• [Assignment]:
Transcribe exactly, and without pictures, the lines from the one that contains "Fototapeta premium Padlock" through the last line of the material.

----- Data below

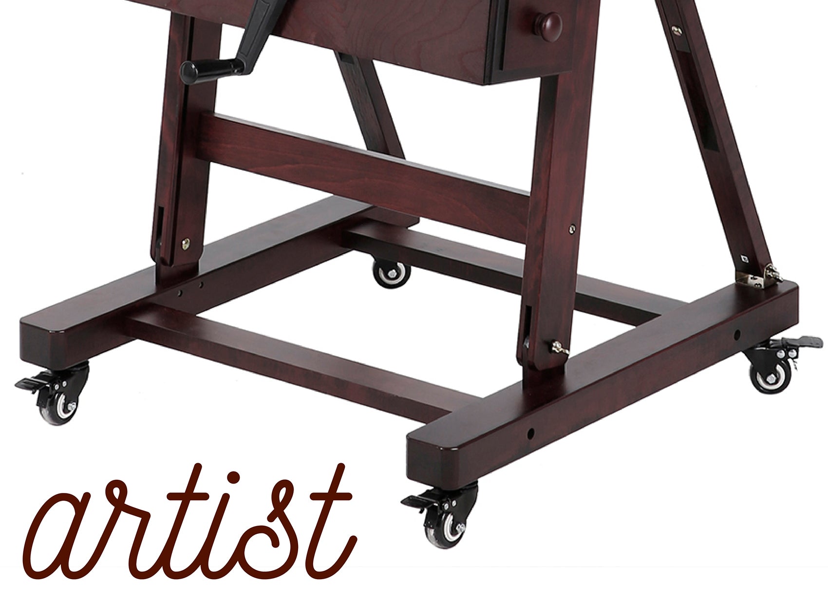 - Convenient Storage and Mobility: Specially designed with a front art supply compartment and two side storage drawers for easy access to supplies. For mobility, the floor easel is equipped with four 360-degree fully swivel castors and two up-front locking brakes on the castors to provide stability while painting. The deluxe and utility design, combined with master hand craftsmanship, makes this Crank Adjusting H-Frame Easel the most advanced crank-assist easel in the world.swivel castors, and two up-front locking breaks on the castors to provide stability while painting. The Deluxe and utility design, and master hand craftsmanship meet in this Crank Adjusting H Frame Easel, making it the most advanced crank-assist easel in the world!
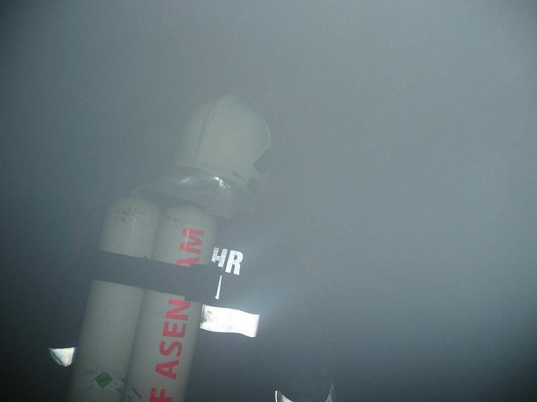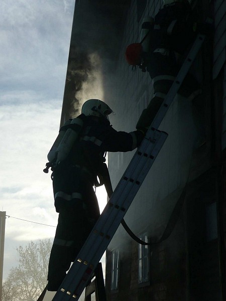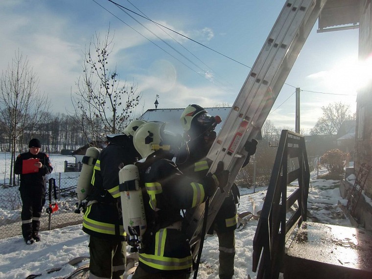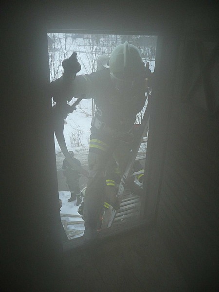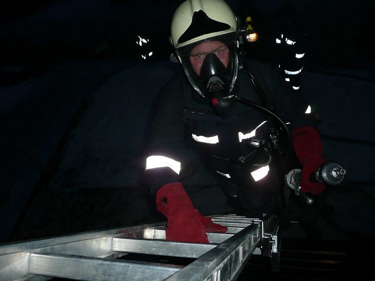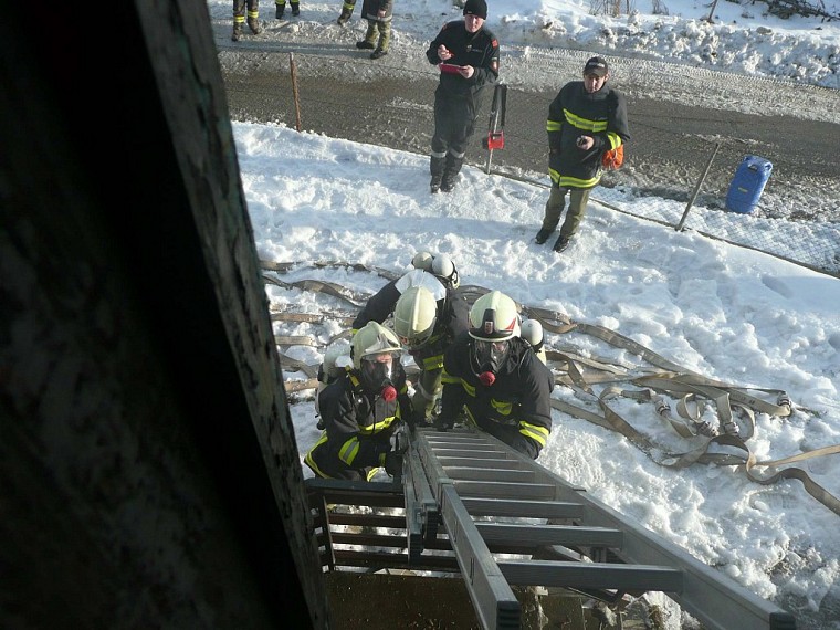 Die Übungsannahme war ein Brand im Erdgeschoss, wobei der Zugang zum Gebäude nur durch eine offene Tür im ersten Stock über eine Leiter möglich war. Jeder Trupp hatte die Aufgabe eine Babypuppe und einen unserer Kameraden, der ein Opfer darstellte, zu bergen und weiters natürlich den Brandherd ausfindig zu machen und diesen zu löschen. Nebenbei waren im Haus auch Kanister und Gasflaschen platziert, die sichergestellt werden mussten.
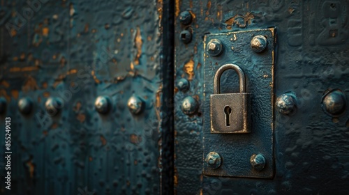 Fototapeta premium Padlock on a metal door with rivets, secure and locked
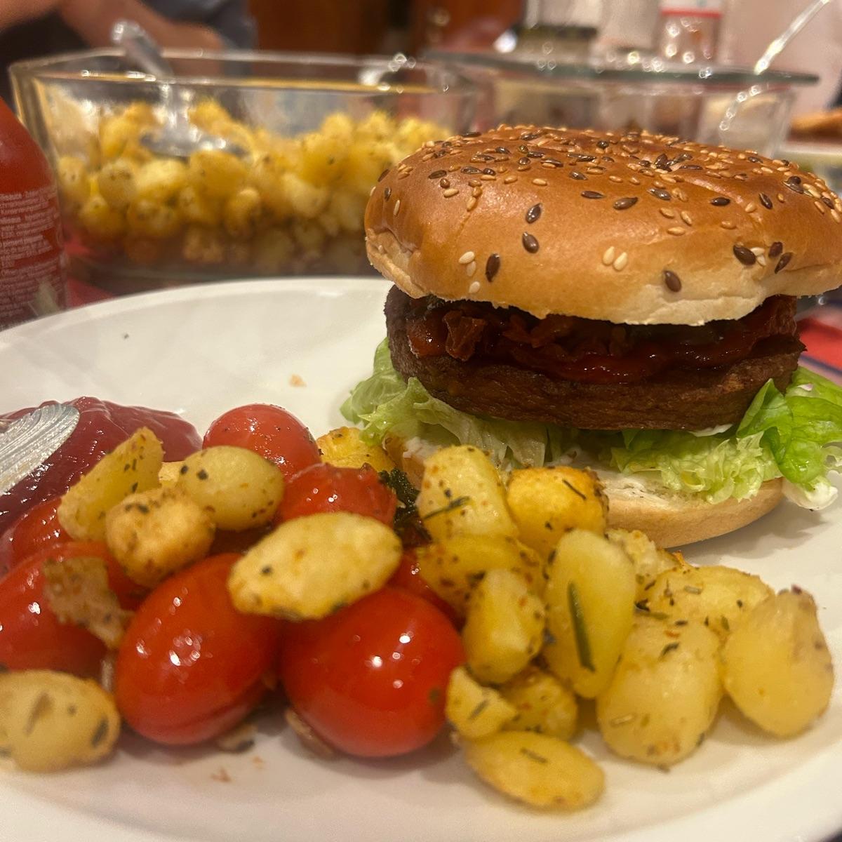 This was a #bombassburger made by my lovely partner Yonas:) Loads of caramelized onions, pickled onions, sauces and lettuce with a really nice meaty patty! It had a great texture and taste, and it has a nutrition score of A! Super quick and easy to make and so delicious. #veganburger #hotmess

----------

• [Task solution]:
 Fototapeta premium Padlock on a metal door with rivets, secure and locked
 This was a #bombassburger made by my lovely partner Yonas:) Loads of caramelized onions, pickled onions, sauces and lettuce with a really nice meaty patty! It had a great texture and taste, and it has a nutrition score of A! Super quick and easy to make and so delicious. #veganburger #hotmess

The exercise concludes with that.